Though overtly racist public or private schools became unavailable by the end of the 1970s, white flight from public schools continued, usually accompanied by efforts to give private (and again, often church-sponsored) schools tax subsidies that in effect made them publicly sponsored private schools following religious doctrines and serving a select (and usually majority-white and middle-to-upper-class) clientele. Various and increasingly widespread experiments with private-school “vouchers” have been embraced by Republicans (and, to a more limited extent, by some Democrats) in the 21st century. Most recently, individualizing school subsidies has been a frequent by-product of the conservative “parental rights” movement in education, in which the very idea of public schools as a means of promoting racial, economic, or social equality is under attack. And while some school-voucher programs are marketed as a boon to Black students “trapped” in underfunded public schools, the historical record is that they ultimately produce racially and economically stratified instruction by taking the “public” out of public schools altogether.

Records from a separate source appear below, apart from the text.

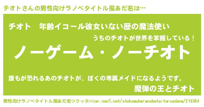 | 女子向けラノベタイトル風あだ名 | 『死神チオトの再婚』『チオトの契約王妃』 |
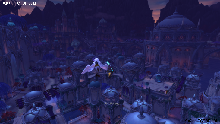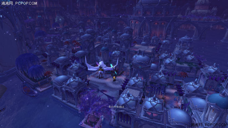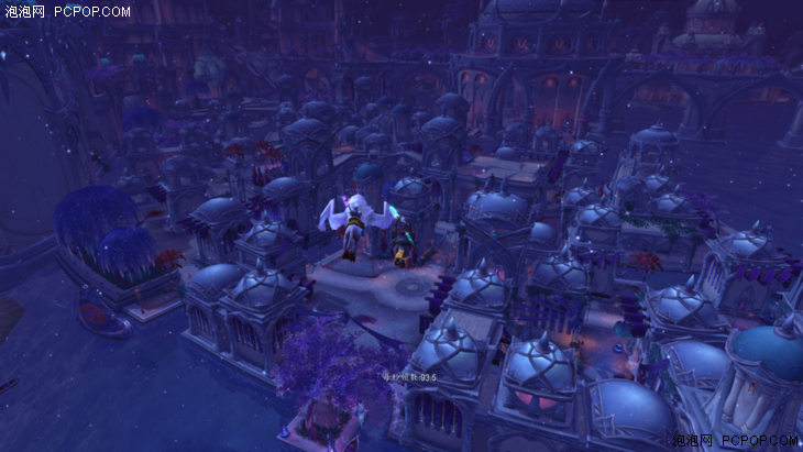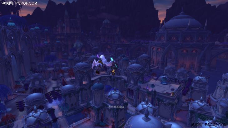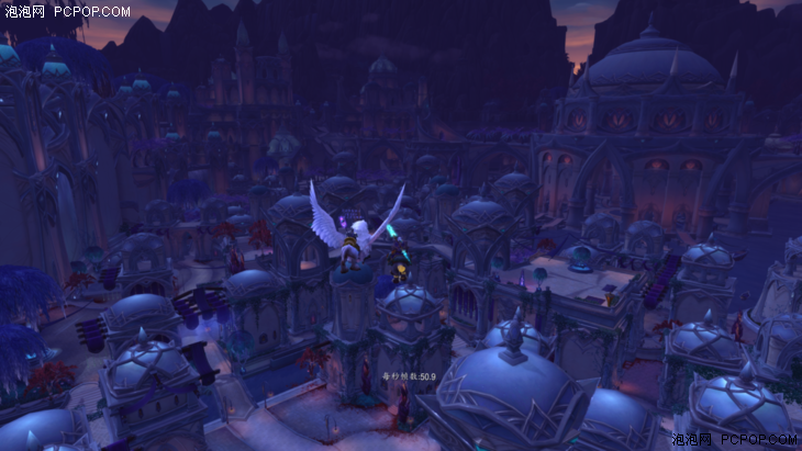 在实际测试环节中,我们将游戏画面统一设置为2560×1440,特效10,4XMSAA-CMAA,三线性过滤,多重采样测试及降低输入延迟开启。分别选取达拉然苏斯平台下方、苏拉玛平民区上空以及苏拉玛贵族区暮光酒庄三个测试地点。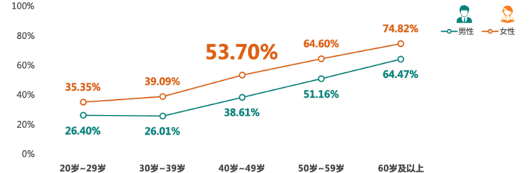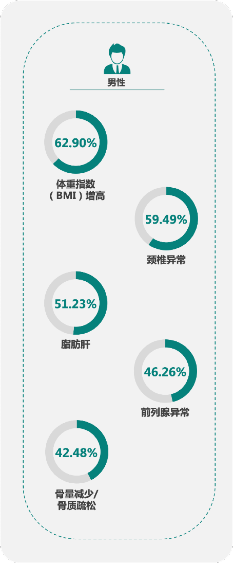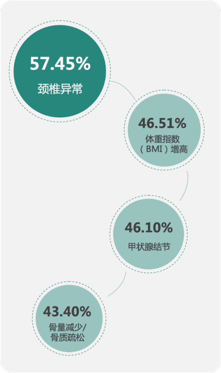 对于男性金融高净值客户,威胁最大的健康问题是体重指数(BMI)增高,检出率为62.90%,这可能与男性金融高净值客户的饮食、运动、吸烟和饮酒等生活方式相关;往下依次为颈椎异常、脂肪肝、前列腺异常和骨量减少/骨质疏松,检出率均超过40%。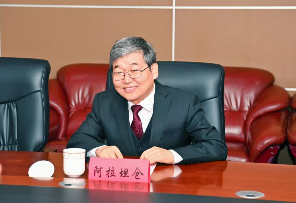 阿拉坦仓教授简要介绍教育部数学与应用数学专业虚拟教研室和内蒙古自治区应用数学中心成立和运行的基本情况,希望以此为契机与工业大学进一步加强沟通交流,在助力学校数学学科实现高质量建设与发展的进程中贡献智慧、凝聚力量。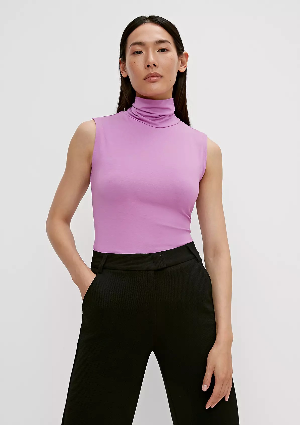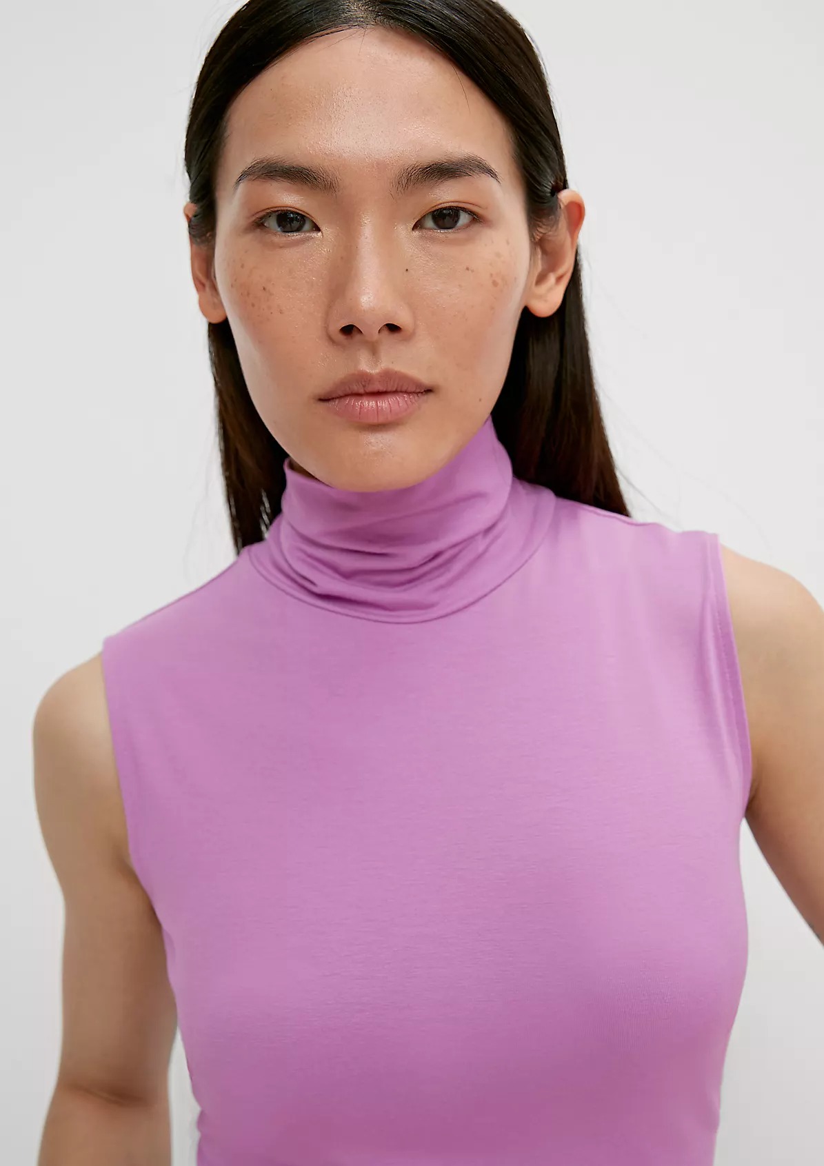 На сайте указаны российские размеры. Приталенный топ без рукавов с воротником-поло. Выполнен из эластичной мягкой ткани. Длина спины: 60 см в размере 42.

The bottom line is that realization of the dream of an integrated public-school system has been frustrated by decades of delays, evasions, and outright opposition stemming from white political resistance — a resistance increasingly championed by today’s Republican Party as part of its pervasive Trump-driven mission of bringing back the “greatness” of America as it existed before the 1960s came along and spoiled everything. Perhaps the vision represented by Brown was always naïve, and the strategies adopted by courts and schools to implement it were sometimes ham-handed or even counterproductive. But just accepting segregated schools is inimical to civic and religious values much older than a 70-year-old Supreme Court decision.